# Gas Lift keywords variation

#### 2019-01-13

One of the little annoyances while doing paper research in OnePetro is knowing the correct spelling of the keywords under search. It would seem insignificant but we will see in this article choosing the right keyword could have effects on the results. Let’s see a practical example.

For this demonstration I will use the R package [petro.One][petro.One]. It is available from CRAN, as free and open source project. The advantage of using petro.One is that you can do many operations in batch, perform search automation, and receive a table (dataframe) as a result.

We start by creating a list of all the possible combinations of the words “gas” and “lift”. These are the some that I have seen written in papers, presentations and articles. There may be more, of course. You can try yourself if you install and run petro.One in your computer.

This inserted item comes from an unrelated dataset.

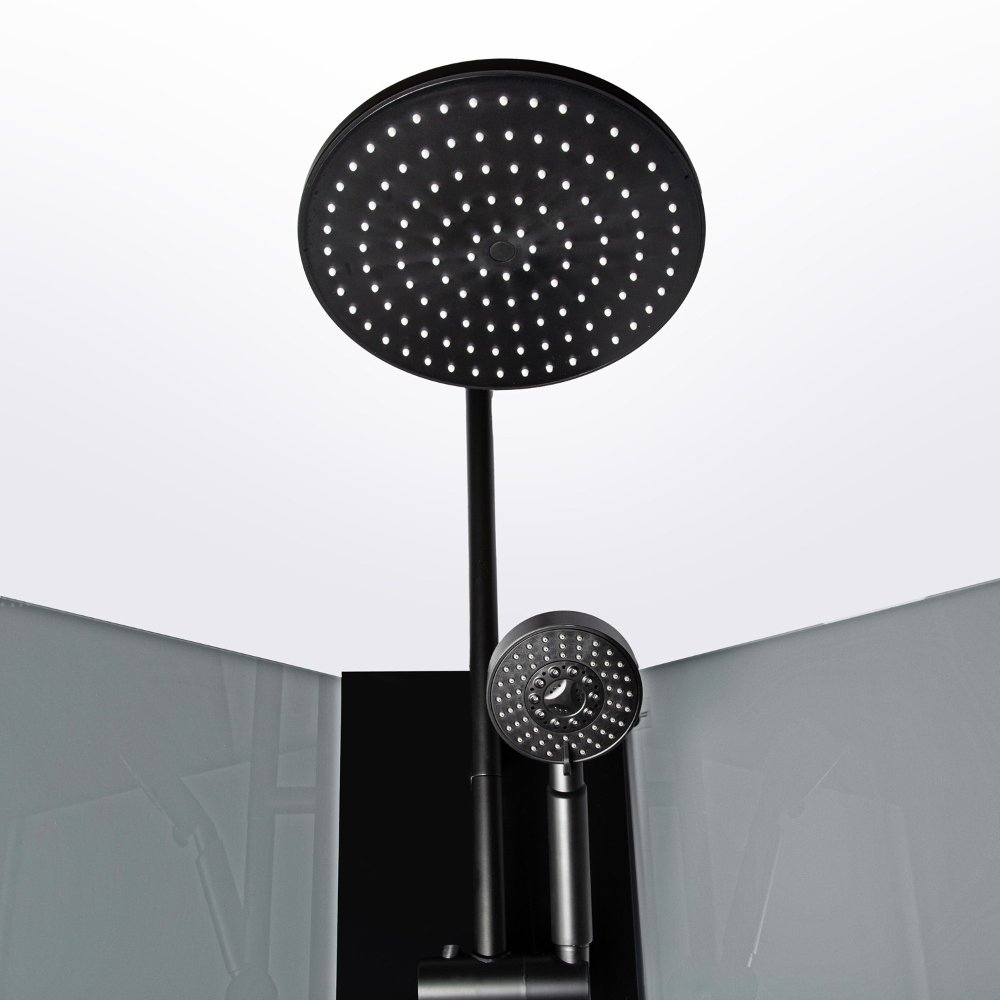 Model Wega Black od Kerra je štýlové a praktické riešenie do kúpeľne, ktoré spája luxusný dizajn s funkčnosťou. Kabína má rozmer 90 × 90 × 226 cm, čierne hliníkové profily a dvojkrídlové posuvné dvere, ktoré dodávajú celému priestoru prémiový vzhľad. Predné sklo je 5 mm kalené, zadné sklo a panel sú z 4 mm kaleného skla a všetky sklenené plochy sú ošetrené povrchovou úpravou Kerra Protect, ktorá minimalizuje usadzovanie vodného kameňa a uľahčuje čistenie.

In the code chunk below each of the keywords has been entered as one line of text. We enclosed that text with quotes and assign it to the object keywords. Then, we convert that text into a dataframe using the R function read.table, providing some arguments. For instance, we are not providing a header (header = FALSE), the separation between keywords is a new line (sep = “”), we don’t want factors but text (stringsAsFactors = FALSE), remove blanks between words (strip.white = TRUE), and the name of the column is keyword (col.names = “keyword”).

library(petro.One)

# provide the list of keywords
keywords <- "
gas lift
gas-lift
GasLift
gas.lift
gas_lift"

# convert the text to a dataframe
# read text table and split rows at carriage return
stringsAsFactors = FALSE, strip.white = TRUE,
col.names = "keyword")

The result is this little table or dataframe below. I am using a dataframe and not a vector because I am expecting that in other cases we could have many more word combinations; let’s say, more than 20, or maybe above 100. And that’s better managed with a dataframe.

# show the dataframe
kw_tbl
#>    keyword
#> 1 gas lift
#> 2 gas-lift
#> 3  GasLift
#> 4 gas.lift
#> 5 gas_lift

Now that we have all the word combinations stored in a table, we will iterate through all these keywords and send a query search to OnePetro for each of them. This means that that we are sending an automated search to the OnePetro website. Because we are very good internet citizens, we are also taking care of not sending too much traffic to the website by adding a pause of five seconds between searches.

### Build iteration loop

# iterate through the keywords dataframe
rec <- vector("list")
i <- 1
for (k in kw_tbl\$keyword) {
url_all  <- make_search_url(query = k, how = "all")    # create search query
count    <- get_papers_count(url_all)                  # paper count
rec[[i]] <- list(keyword = k, count = count)           # add observation
cat(sprintf("%30s %5d \n", k, count))                  # print it
i <-  i + 1                                            # increment counter
Sys.sleep(5)                          # do not bug OnePetro website too much
}                                         # be a good internet citizen
#>                       gas lift  7270
#>                       gas-lift 17801
#>                        GasLift   588
#>                       gas.lift     2
#>                       gas_lift     4

These are the results.

dt <- data.table::rbindlist(rec)                # final data table
dt
#>     keyword count
#> 1: gas lift  7270
#> 2: gas-lift 17801
#> 3:  GasLift   588
#> 4: gas.lift     2
#> 5: gas_lift     4

## Observations

The keyword with most papers written is the word “gas”, followed by dash, followed by “lift”. There are 17801 papers which contain the word “gas-lift”. The second keyword is “gas lift” with 7270. That is the word “gas”, followed by a space, followed by “lift”. Both keywords account for little more than 97.69 % of the papers. There is a third with 588 papers: the keyword “GasLift”. It is not pretty common but I have seen it in some literature (Shell?, maybe). There are two more keywords with 6 paper results. Very marginal within the context of 25665 papers. The words “gas.lift” and “gas_lift”, probably typos.

## Conclusions

With this short example we could appreciate the importance of considering the right keywords when performing paper research. We could do this relatively fast in an automated fashion using data science tools such this R package. Of course, we could have done this manually, but keep in mind as the number of probable words combination increases so the time doing the search in the conventional way. Using paper search automation is a nice feature in our toolbox so there is no loss of information during the paper research.

Those 25665 papers that have gas lift in their content may not represent how well or how intense the coverage of the subject is. Not until you provide some context to the search, for example, “gas lift optimization”, “dual gas lift”, “gas lift surveillance”, etc. You will see the number of results shrink rapidly when a context is supplied. But at least, now you know that you have two keywords to add to your search context.

In my view, the perfect search would be one where each of the papers return the number of times the keyword was mentioned, as well as the context or subject. You can do that but it requires that you have the physical paper to perform the search within the corpus of the paper. For us, engineers, is not practical, because we cannot store or purchase all those 24,000+ papers!

Maybe the day is coming when OnePetro includes in the search results: * the number of keyword occurrences within the corpus, * the quality of the paper, * number of tables, * number of figures, and * how strong are the keyword associations within the context of the petroleum engineering discipline.